TypeEvalPy: A Micro-benchmarking Framework for Python Type Inference Tools
Ashwin Prasad Shivarpatna Venkatesh, Samkutty Sabu, Jiawei Wang, Amir M. Mir, Li Li, Eric Bodden
TL;DR
TypeEvalPy addresses the need for a standardized, reproducible evaluation framework for Python type inference tools by introducing a containerized micro-benchmark that covers Python 3.10 constructs and a three-part pipeline (Runner, Translator, Result Analyzer) to execute, standardize, and analyze results. The framework evaluates six tools across 18 feature categories using a ground-truth benchmark of 154 code snippets with 845 type annotations, producing metrics such as exact-match rate, precision, recall, soundness, completeness, and Top-$n$ predictions.
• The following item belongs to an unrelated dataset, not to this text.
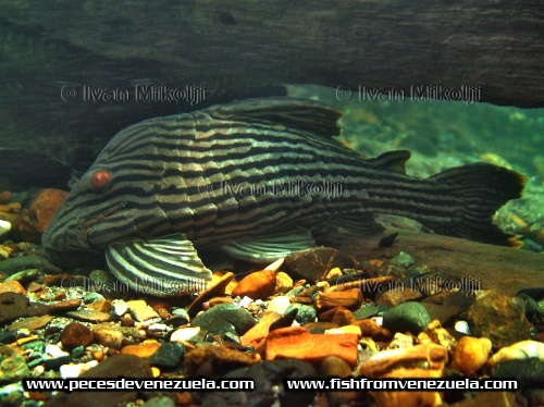 Synonyme: Schwarzlinien-Harnischwels, Royal-Harnischwels, Streifenharnischwels, Chaetostomus nigrolineatus, Rotaugen-Panaque, Royal-Plecostomus.

Experimental results show HeaderGen as the most reliable overall, with Jedi and Pyright excelling in builtins/external contexts, and HiTyper-DL outperforming HiTyper, illustrating the promise of hybrid static-ML approaches; Type4Py lags due to its training-based limitations. The study highlights that leveraging external type stubs and combining static analysis with ML can improve performance, while soundness and completeness remain challenging in Python type inference.
Abstract
In light of the growing interest in type inference research for Python, both researchers and practitioners require a standardized process to assess the performance of various type inference techniques. This paper introduces TypeEvalPy, a comprehensive micro-benchmarking framework for evaluating type inference tools. TypeEvalPy contains 154 code snippets with 845 type annotations across 18 categories that target various Python features. The framework manages the execution of containerized tools, transforms inferred types into a standardized format, and produces meaningful metrics for assessment. Through our analysis, we compare the performance of six type inference tools, highlighting their strengths and limitations. Our findings provide a foundation for further research and optimization in the domain of Python type inference.